START DATA EXTRACT
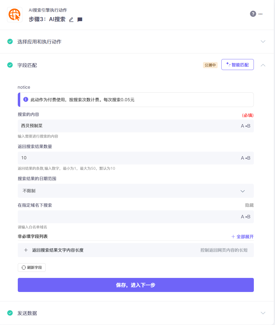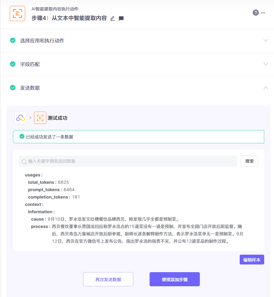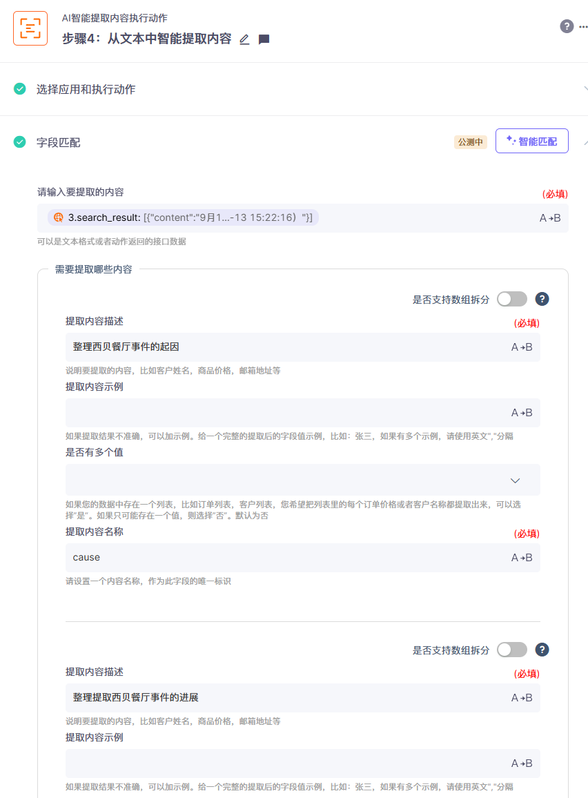 配合AI智能提取,让AI大模型按需求对内容总结或者指定信息提取:
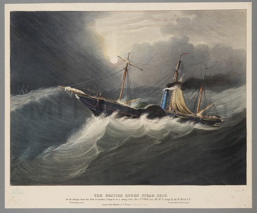The Biritsh Queen Steam Ship on her Passage from New York to … A hand-colored lithograph depicting the 'British Queen' dramatically bracing the tumultuous waves …
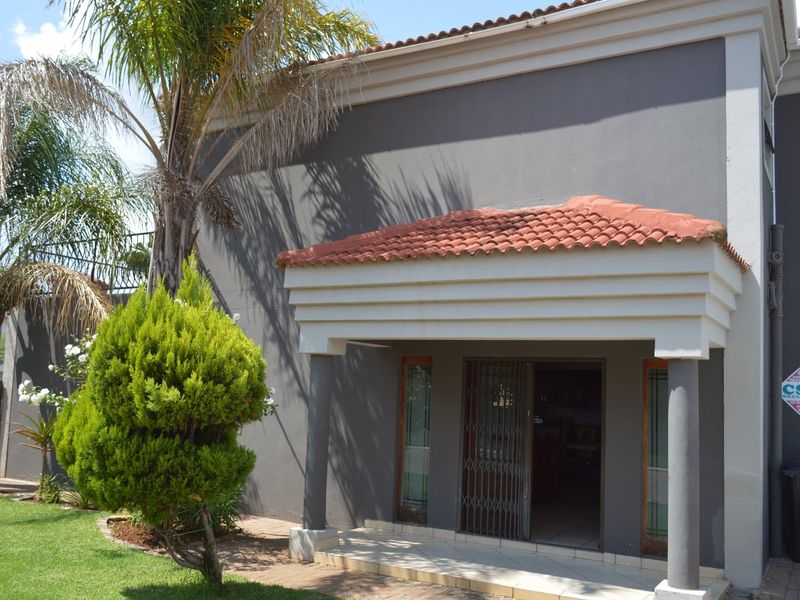 Entertainer's family home in desirable Doringkruin, Klerksdorp, with covered patio and built-in braai opening to manicured garden; three bedrooms, two bathrooms, double garage.
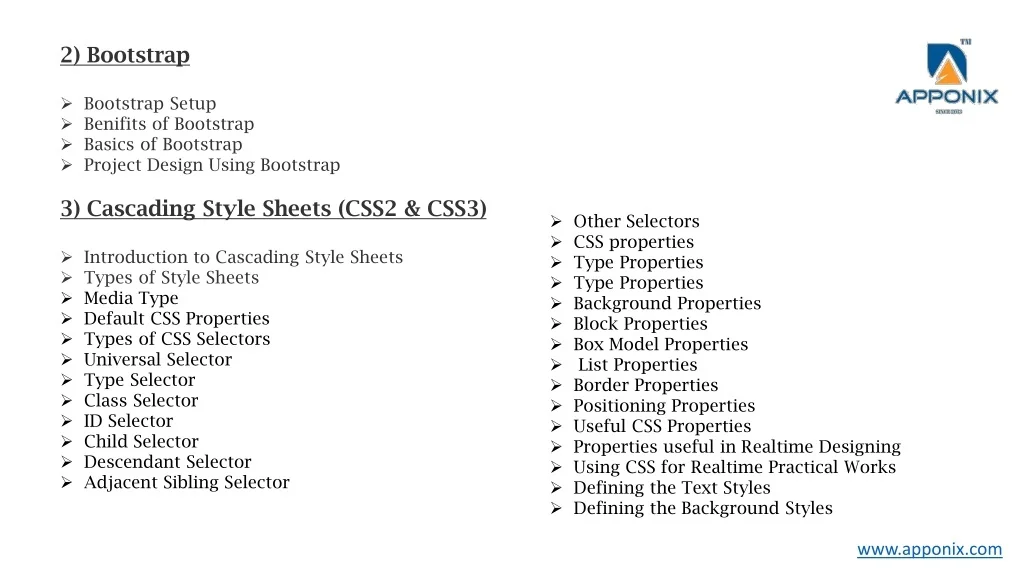 2) Bootstrap • Bootstrap Setup • Benifits of Bootstrap • Basics of Bootstrap • Project Design Using Bootstrap • 3) Cascading Style Sheets (CSS2 & CSS3) • Introduction to Cascading Style Sheets • Types of Style Sheets • Media Type • Default CSS Properties • Types of CSS Selectors • Universal Selector • Type Selector • Class Selector • ID Selector • Child Selector • Descendant Selector • Adjacent Sibling Selector • Other Selectors • CSS properties • Type Properties • Type Properties • Background Properties • Block Properties • Box Model Properties • List Properties • Border Properties • Positioning Properties • Useful CSS Properties • Properties useful in Realtime Designing • Using CSS for Realtime Practical Works • Defining the Text Styles • Defining the Background Styles www.apponix.com
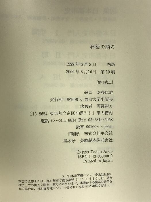タイトル:安藤忠雄 建築を語る 東京大学出版部 2000年
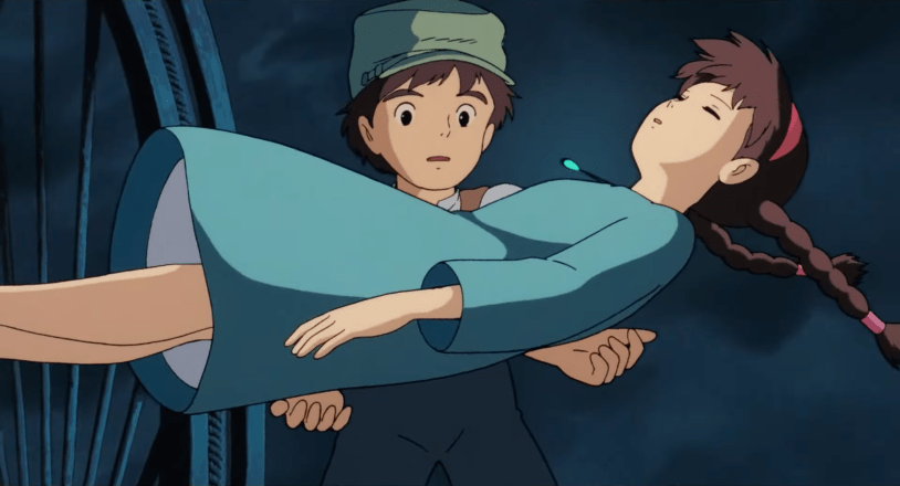 La primera de éstas sería El castillo en el cielo, dirigida por Miyazaki. La historia, que suena simple y tierna, sigue a dos niños, el minero Pazu y la princesa Sheeta, involucrados en la búsqueda de un mítico castillo flotante cuyos tesoros y poderes son codiciados por un noble ambicioso y un simpático grupo de piratas. Hay paralelos al trabajo previo del director. Como Lupin III es una aventura llena de persecuciones y como Nausicäa cuenta con una temática ambientalista y una heroína fuerte y determinada.
END DATA EXTRACT
> _WORK REQUIRED_:
Word for word, write out each of the records, but not the pictures.

> _FINISHED EXERCISE_:
 配合AI智能提取,让AI大模型按需求对内容总结或者指定信息提取:
The Biritsh Queen Steam Ship on her Passage from New York to … A hand-colored lithograph depicting the 'British Queen' dramatically bracing the tumultuous waves …
 Entertainer's family home in desirable Doringkruin, Klerksdorp, with covered patio and built-in braai opening to manicured garden; three bedrooms, two bathrooms, double garage.
 2) Bootstrap • Bootstrap Setup • Benifits of Bootstrap • Basics of Bootstrap • Project Design Using Bootstrap • 3) Cascading Style Sheets (CSS2 & CSS3) • Introduction to Cascading Style Sheets • Types of Style Sheets • Media Type • Default CSS Properties • Types of CSS Selectors • Universal Selector • Type Selector • Class Selector • ID Selector • Child Selector • Descendant Selector • Adjacent Sibling Selector • Other Selectors • CSS properties • Type Properties • Type Properties • Background Properties • Block Properties • Box Model Properties • List Properties • Border Properties • Positioning Properties • Useful CSS Properties • Properties useful in Realtime Designing • Using CSS for Realtime Practical Works • Defining the Text Styles • Defining the Background Styles www.apponix.com
タイトル:安藤忠雄 建築を語る 東京大学出版部 2000年
 La primera de éstas sería El castillo en el cielo, dirigida por Miyazaki. La historia, que suena simple y tierna, sigue a dos niños, el minero Pazu y la princesa Sheeta, involucrados en la búsqueda de un mítico castillo flotante cuyos tesoros y poderes son codiciados por un noble ambicioso y un simpático grupo de piratas. Hay paralelos al trabajo previo del director. Como Lupin III es una aventura llena de persecuciones y como Nausicäa cuenta con una temática ambientalista y una heroína fuerte y determinada.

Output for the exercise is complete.